▶ [Activity]:
Would you print the data below exactly, leaving out every picture?

● ● ● ● ●

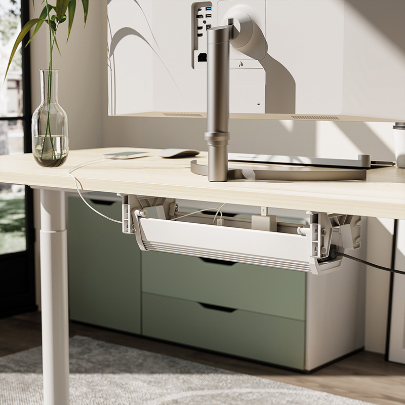- Skrýva káble a napájacie šnúry pre prehľadne organizovaný pracovný priestor.
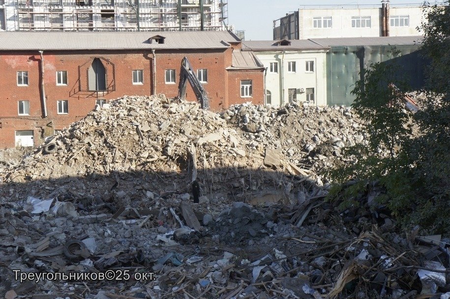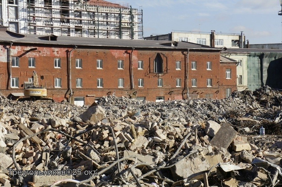 По его словам, работы по демонтажу начались летом, а к октябрю уже демонтировано около 90% зданий. На месте промзоны планируется жилая застройка площадью около 48 тысяч квадратных метров.
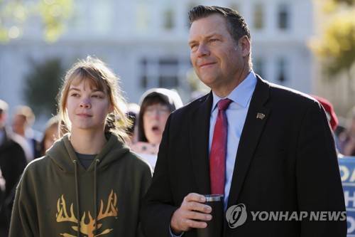 Former Kansas Secretary of State Kris Kobach, right, follows a rally against COVID-19 vaccine mandates with his oldest daughter, 15-year-old Reagan, left, outside the Kansas Statehouse in Topeka, Kan., on Oct. 30, 2021. Kobach is running for Kansas attorney general and the Republican primary race is focusing on resisting Democratic President Joe Biden's policies in court. (AP Photo/John Hanna)
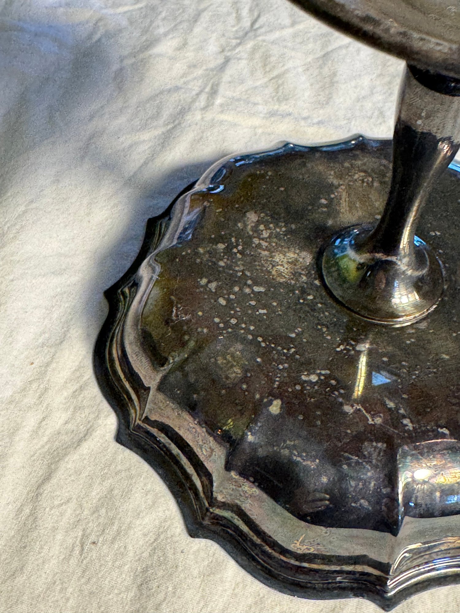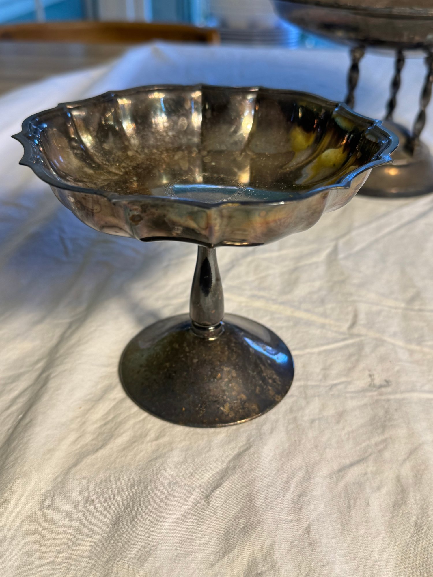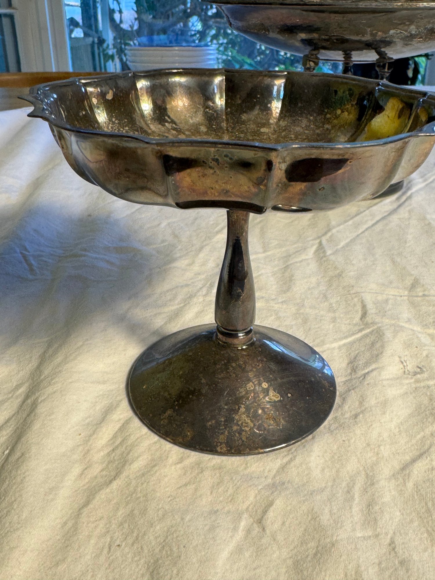 The large compote isn’t clearly marked, but appears to be silver plate
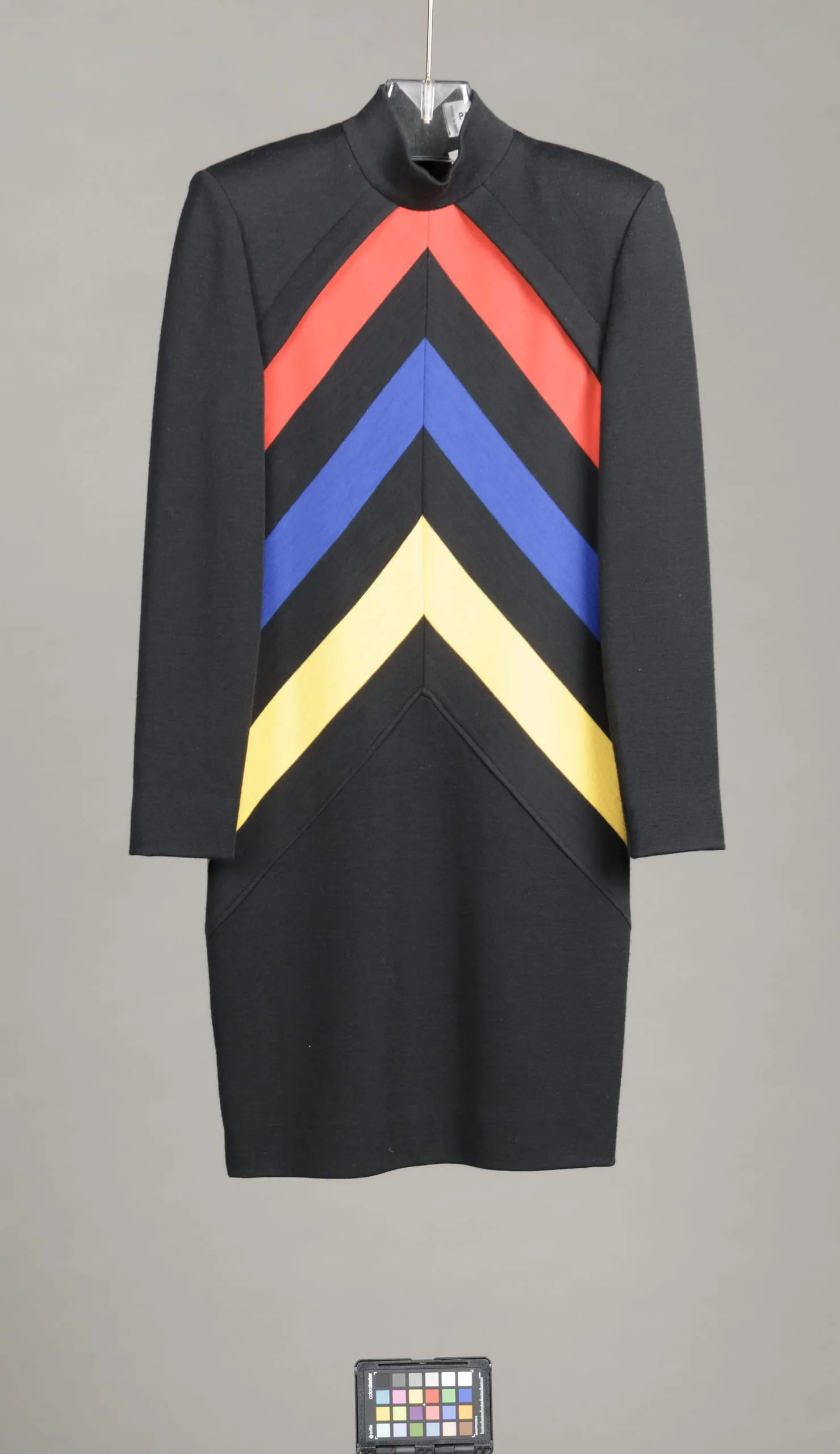 Black knee-length dress with long sleeves and stand collar, featuring three bold chevron stripes in red, blue, and yellow across the front bodice

● ● ● ● ●

▶ [Result of the task]:
- Skrýva káble a napájacie šnúry pre prehľadne organizovaný pracovný priestor.
 По его словам, работы по демонтажу начались летом, а к октябрю уже демонтировано около 90% зданий. На месте промзоны планируется жилая застройка площадью около 48 тысяч квадратных метров.
 Former Kansas Secretary of State Kris Kobach, right, follows a rally against COVID-19 vaccine mandates with his oldest daughter, 15-year-old Reagan, left, outside the Kansas Statehouse in Topeka, Kan., on Oct. 30, 2021. Kobach is running for Kansas attorney general and the Republican primary race is focusing on resisting Democratic President Joe Biden's policies in court. (AP Photo/John Hanna)
 The large compote isn’t clearly marked, but appears to be silver plate
 Black knee-length dress with long sleeves and stand collar, featuring three bold chevron stripes in red, blue, and yellow across the front bodice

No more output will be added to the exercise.